Seven decades on, the implications of machine intelligence, fearful or otherwise, seem more relevant than ever. It’s central to the psychodrama being played out between billionaire tech bros suing one another over whether they’re taking the ‘risks to humanity’ of AI development seriously enough.

Slightly more down to Earth, there are serious questions about the impact AI could have on jobs, and therefore the entire foundations of a labour-based economy. If ‘smart’ automation is developing to do certain tasks faster, more efficiently and more accurately than people can do them, then it’s very reasonable to ask what happens to the people who currently get paid to do those tasks?

This is a debate that is very relevant to the world of self-service kiosks. It’s no secret that one of the benefits that has seen kiosks become so well-established in the QSR sector is their ability to reduce labour costs for large chains. But if more efficient ordering means businesses can get away with rostering fewer staff, is that not a slippery slope towards everyone bar chefs and cleaners being automated out of the way?

Giving people what they want

The recent global IT outage at McDonalds which saw its ordering kiosks out of action gives us one reason why businesses won’t be rushing to completely replace staff with machines any time soon. People get sick, but they’re not prone to the kind of mass glitches that can affect IT from time to time. Having people around to hold the fort while the engineers do their thing is handy.

But that’s far from the only reason why self-service tech is much more likely, in our view, to evolve to support and augment human labour than replace it.

The first lesson you learn in business is to give people what they want. And people don’t see tech versus human interactions as an either-or thing. Sure, there are plenty of stats that tell us that the public love self-service options for X, Y and Z reasons. But you can just as easily find stats that tell the other side of the story. Like the one from the PwC studythat found 82% of consumers from the US, and 74% from the rest of the world, yearn for more human interactions the more technology progresses.

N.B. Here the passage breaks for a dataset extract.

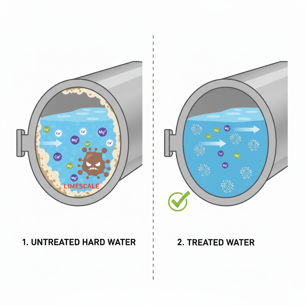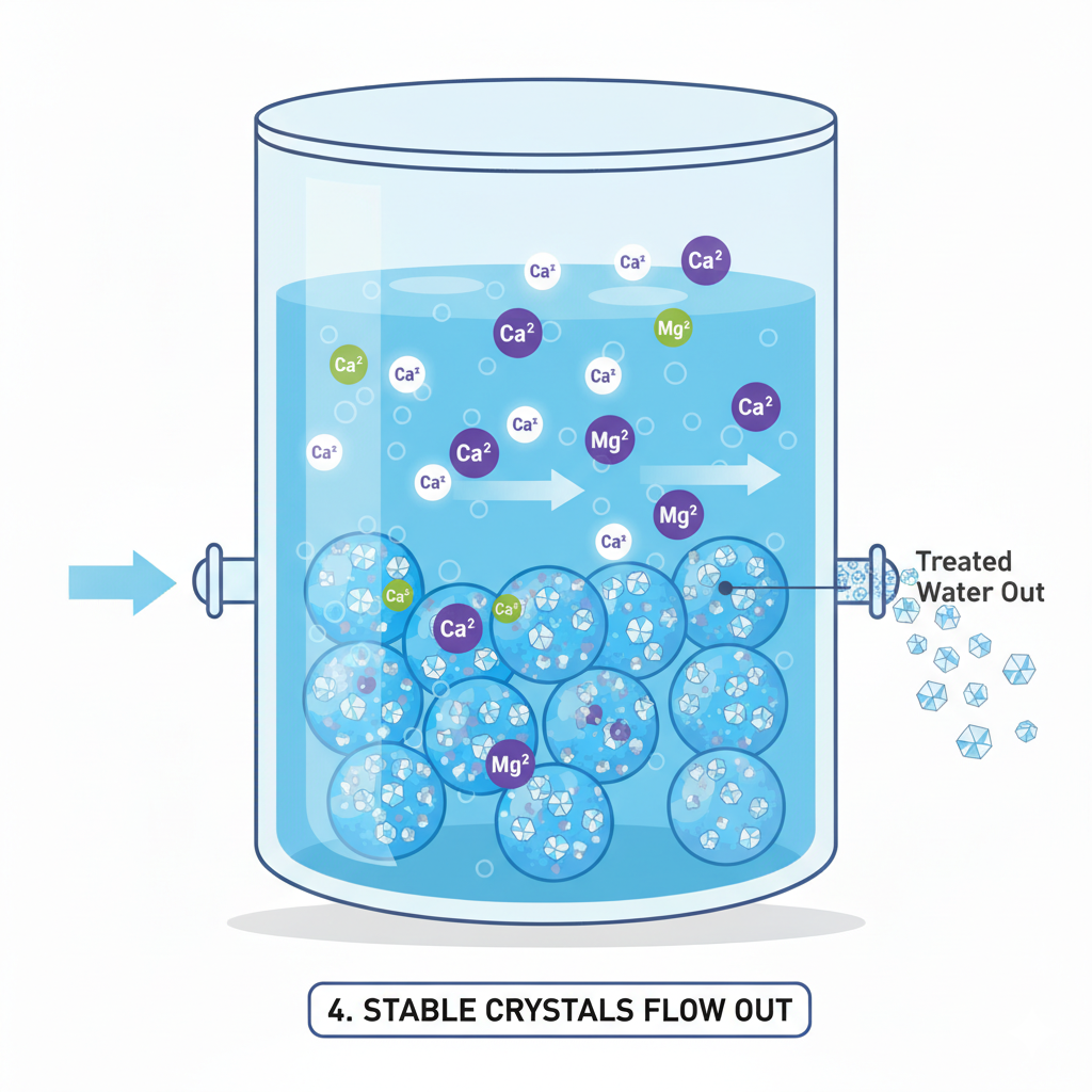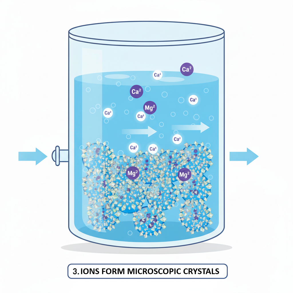 | The minerals collect within the nucleation points on each polymeric bead and form microcrystals. | After forming, the microcrystals break off from the template beads and continue through the water supply, as inert particles unable to form hard scale |

The real truth here is that if you gave people a straight choice between self-service and dealing with a human, the majority would refuse to pick. They want both. It’s all about choices, as well as having the right option in the right situation. Horses for courses, if you like.

The PwC study referenced above is all about customer experience, and how to create the best one possible. There’s no single solution, of course. The best experiences are achieved by offering options that are suitable in lots of different situations. Kiosks are a fantastic CX addition for shops, restaurants, hotels, leisure venues, transport hubs and lots, lots more. They speed up the completion of simple tasks, they give users greater autonomy. But they can’t do everything.

As a kiosk manufacturer, we fully appreciate that there are as many things kiosks will never be as good as humans at doing as there are the other way round. What we aim for is synergy – kiosks that are efficient and reliable at doing what they do best, user-friendly enough to represent an attractive option to the average person, and therefore able to free up human colleagues to focus on the things they do best.